I have a lot of points to address on how the CMS will improve its service to separated parents, and I will do my best to cover as many as I can. Many Members will have heard this topic being raised by constituents or in this House; it attracts great interest, as we have heard. I, too, am a constituency MP, and we have much better engagement and far fewer challenges in my area than in the past, but they are incredibly concerning. I appreciate all the MP caseworkers, charities and organisations who assist our constituents.

Family breakdown and partnership breakdown are extremely hard. As a single parent myself, I know how deeply emotional and different all those situations are. We would all want a magic wand in our constituency surgeries to help people going through such difficulties. I reassure the House that we are offering child maintenance support sessions with MPs’ offices in March to help with those constituency casework opportunities, so I am keen to hear from Members about particular areas they would like to cover. I hope that is of note.

I agree with the hon. Member for Westminster North (Ms Buck) about the challenge of how to best support separated families, and with regard to the poverty challenges if we do not get this right. She is completely right. Through family-based arrangements and the CMS, it is estimated that receiving parents got £2.4 billion annually in child maintenance payments between 2019 and 2021. As a result, 140,000 children were lifted out of poverty. The hon. Member for Weaver Vale (Mike Amesbury) mentioned that people are being held back from progressing and that the CMS is not working, and I would be very keen to see the constituency cases that he has raised.

I want to take the opportunity to reflect on the review. It was announced today, so this debate is incredibly timely and I thank the hon. Member for Caithness, Sutherland and Easter Ross for securing it. I am grateful for the excellent independent review of the CMS conducted by Dr Samantha Callan, who I met yesterday, and for the Government response to the review, which will be in Members’ inboxes this afternoon. The review was announced this morning, with an update. For those who are not aware, the Government response was released today and circulated to all Members of Parliament this afternoon. The report is really important and recognises that the CMS has worked very hard to improve the service and experience for those who are survivors of abuse, and remains motivated to take the practical step change to support parents to set up safe arrangements.
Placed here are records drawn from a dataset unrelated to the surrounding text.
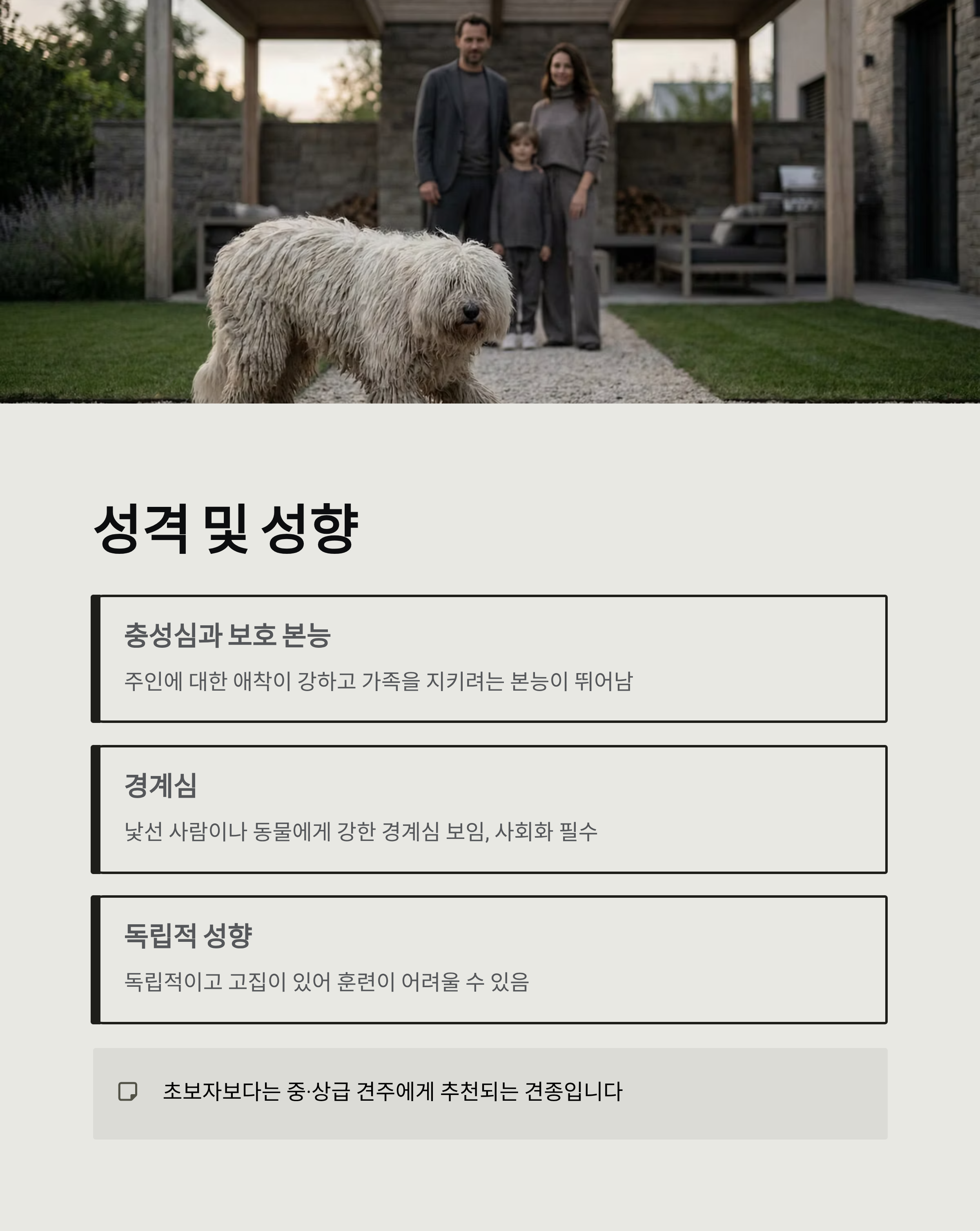 - 초보자보다는 중·상급 견주에게 추천되는 견종
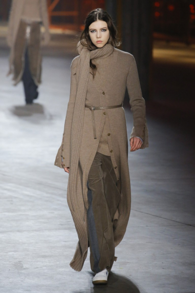 Но мода не оставила без внимания и ценителей классики. На фото с показов можно встретить одежду привычных осенних оттенков. Гардероб предлагается пополнить, к примеру, укороченным белоснежным кардиганом.
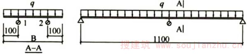 图26墙柱模板均布荷载试验简图 q-均布荷载;1,2-百分表
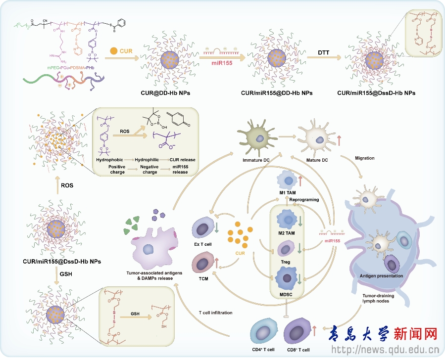 新闻网讯 近日,基础医学院医学药理学系陈雪红课题组在《Journal of Nanobiotechnology》(IF=10.2,中科院1区)发表题目为 “Reactive oxygen species/glutathione dual sensitive nanoparticles with encapsulation of miR155 and curcumin for synergized cancer immunotherapy”的研究论文( DOI:10.1186/s12951-024-02575-5)。该论文由基础医学院医学药理学系研究团队完成,博士研究生李康康为第一作者,陈雪红教授为通讯作者,MILE米乐官方网站基础医学院为第一署名单位,该研究受到山东省自然科学基金资助。
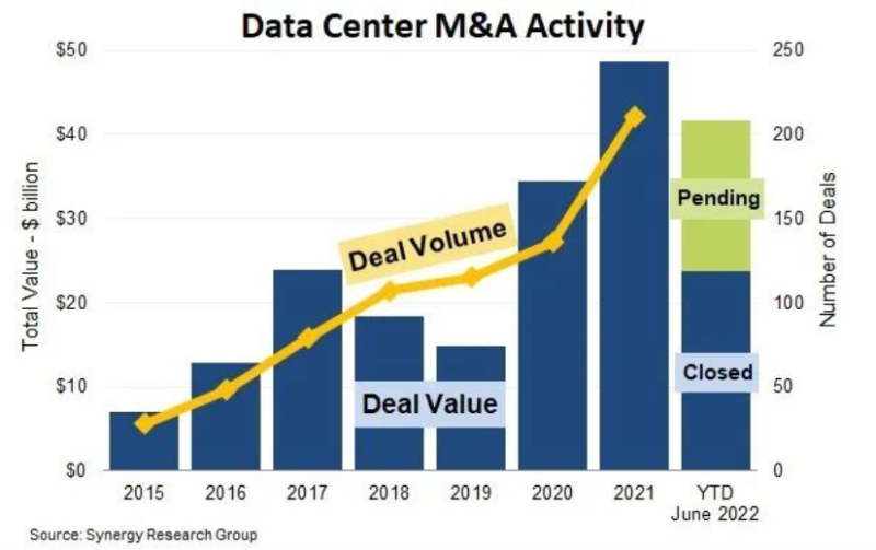 中國儲能網(wǎng)訊:Synergy Research Group 的新數(shù)據(jù)顯示,今年前6個月完成了87筆以數(shù)據(jù)中心為導(dǎo)向的并購交易,總價值為240億美元,另外還有180億美元的未決交易已達成一致,但尚未正式關(guān)閉,其中大部分預(yù)計將在年底前關(guān)閉。加上幾乎沒有提前公布的常規(guī)交易,2022年的并購活動將達到去年的創(chuàng)紀錄水平。

In meeting Dr Callan yesterday, I also met and engaged with Lorna McNamara, who has campaigned for changes after the loss of her sister, Emma Day. She has taken part in the review and has been engaged during the process. Yesterday, ahead of the announcement, I engaged with Refuge, Gingerbread, Families Need Fathers, ManKind, the Domestic Abuse Commissioner, the chief executive officer of the Surviving Economic Abuse charity—who, as we heard in the debate, was giving further evidence today—my hon. Friend the Member for Hastings and Rye (Sally-Ann Hart) and the hon. Member for Birmingham, Yardley (Jess Phillips) in order to go through each and every recommendation and explain the Government’s thinking on this issue.

On recommendation 6, which the hon. Member for Rutherglen and Hamilton West (Margaret Ferrier) mentioned, it is that vital cross-Government work that will make the difference. Whether by working with separated parents groups or family hubs, we will absolutely ensure that, where we can pre-empt conflict and take the sting out of things, we do that across Government. That is a firm commitment.
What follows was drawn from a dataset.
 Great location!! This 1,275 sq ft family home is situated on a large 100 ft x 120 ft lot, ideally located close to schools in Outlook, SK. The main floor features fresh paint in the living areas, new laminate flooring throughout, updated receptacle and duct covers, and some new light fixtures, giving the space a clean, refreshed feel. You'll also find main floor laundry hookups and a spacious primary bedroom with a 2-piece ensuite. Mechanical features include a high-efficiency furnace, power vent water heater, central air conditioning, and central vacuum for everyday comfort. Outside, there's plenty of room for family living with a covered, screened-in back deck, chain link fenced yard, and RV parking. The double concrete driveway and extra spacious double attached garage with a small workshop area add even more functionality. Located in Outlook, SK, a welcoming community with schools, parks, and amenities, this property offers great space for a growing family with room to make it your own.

The hon. Member for Motherwell and Wishaw (Marion Fellows) mentioned recommendation 10 and said she was trying hard not to be a cynic. I will help her out with that. On the working group and the implementation plan, we had conversations yesterday with stakeholders, which I need to discuss with my noble Friend in the other place. He has had other duties in his House, so we need to come together following the engagement yesterday to discuss timelines and the working group. It is important that we discuss how people feel engaged. We are still looking at that and listening to feedback.
  15:31:07
Jamie Stone
I may have missed something here. Can I assume that the Minister and the Minister in the other place either have or will meet the organisations I mentioned?
  15:32:04
Mims Davies
Yes. To be clear, yesterday afternoon we went through the review step by step and took on board some of the feedback. On recommendation 10, there is some feedback with regard to timelines and implementation that I need to take to my noble Friend to try to unpick some of the questions that were raised yesterday and have been raised during this debate. On the review and the taskforce, we are aware of what has been reported today. I am keen to look at that because, again, it has been picked up today. I hope that clarifies things for the hon. Gentleman. [Interruption.] Yes and no, then.
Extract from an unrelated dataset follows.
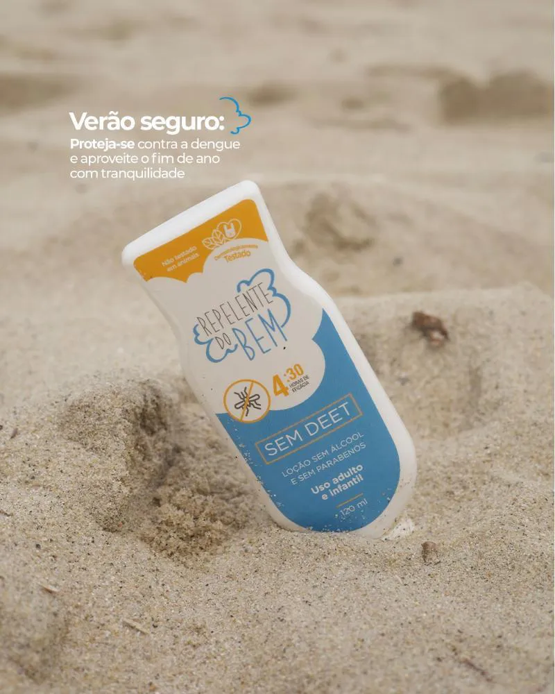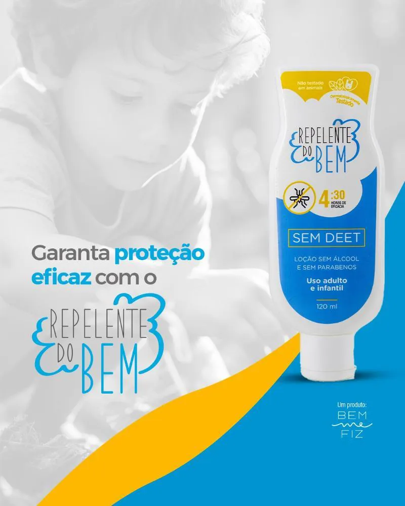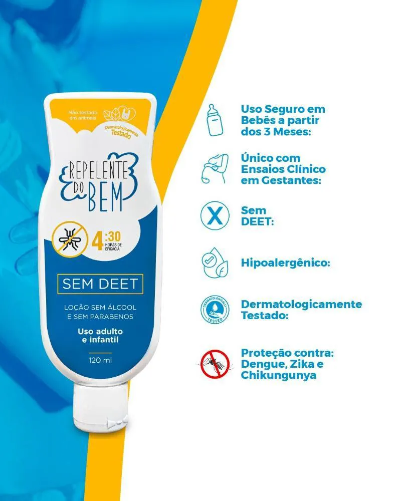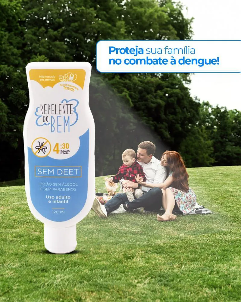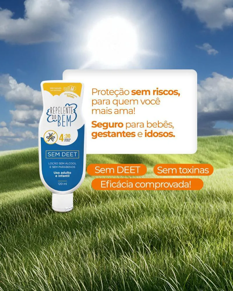 A Loção Repelente do Bem 120ml é a escolha perfeita para proteger sua família contra mosquitos e outros insetos. Com uma fórmula inovadora sem álcool e sem Deet (componente químico N,N-dietil-meta-toluamida), este repelente é ideal para adultos e crianças, oferecendo segurança e conforto, mesmo para peles sensíveis. Desenvolvida com uma textura leve e de rápida absorção, a Loção Repelente do Bem não deixa a pele oleosa. Sua fragrância suave proporciona uma experiência agradável, garantindo proteção duradoura tanto em ambientes internos quanto externos. É o produto ideal para passeios, viagens, atividades ao ar livre e uso diário. Benefícios:- Proteção eficaz contra mosquitos e insetos.
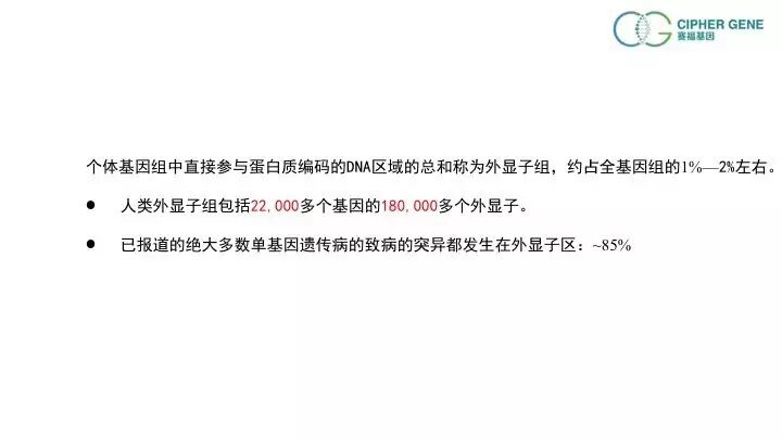 那么外显子组测序为什么可以应用于遗传病的检测呢?是因为现已报道的绝大多数单基因遗传病的致病的突异约85%都发生在基因的外显子区。

As I say, in the Government’s response we were keen to ensure progress, to ensure that parliamentary scrutiny and engagement with stakeholders occurred, and absolutely to look to what the hon. Member for Motherwell and Wishaw mentioned. I hope that we will find, in essence, a middle way. I cannot speak too roundly for my noble Friend, but I am very keen to engage on this matter.

On the wider recommendations, I am engaging in this place on the question of amending the legislation to prevent direct pay from being used as a form of coercion and control. The removal of the requirement to report domestic abuse to qualify for the application fee waiver has been accepted. On piloting the use of dedicated caseworkers for complex domestic abuse cases, that is absolutely something that we will bring forward. In addition, the hon. Member for Caithness, Sutherland and Easter Ross asked about reviewing the calculation formula to ensure affordability for low-income paying parents and including a broader range of agencies in CMS training, as did many of the charities and organisations I spoke with, and Dr Callan recommended that too.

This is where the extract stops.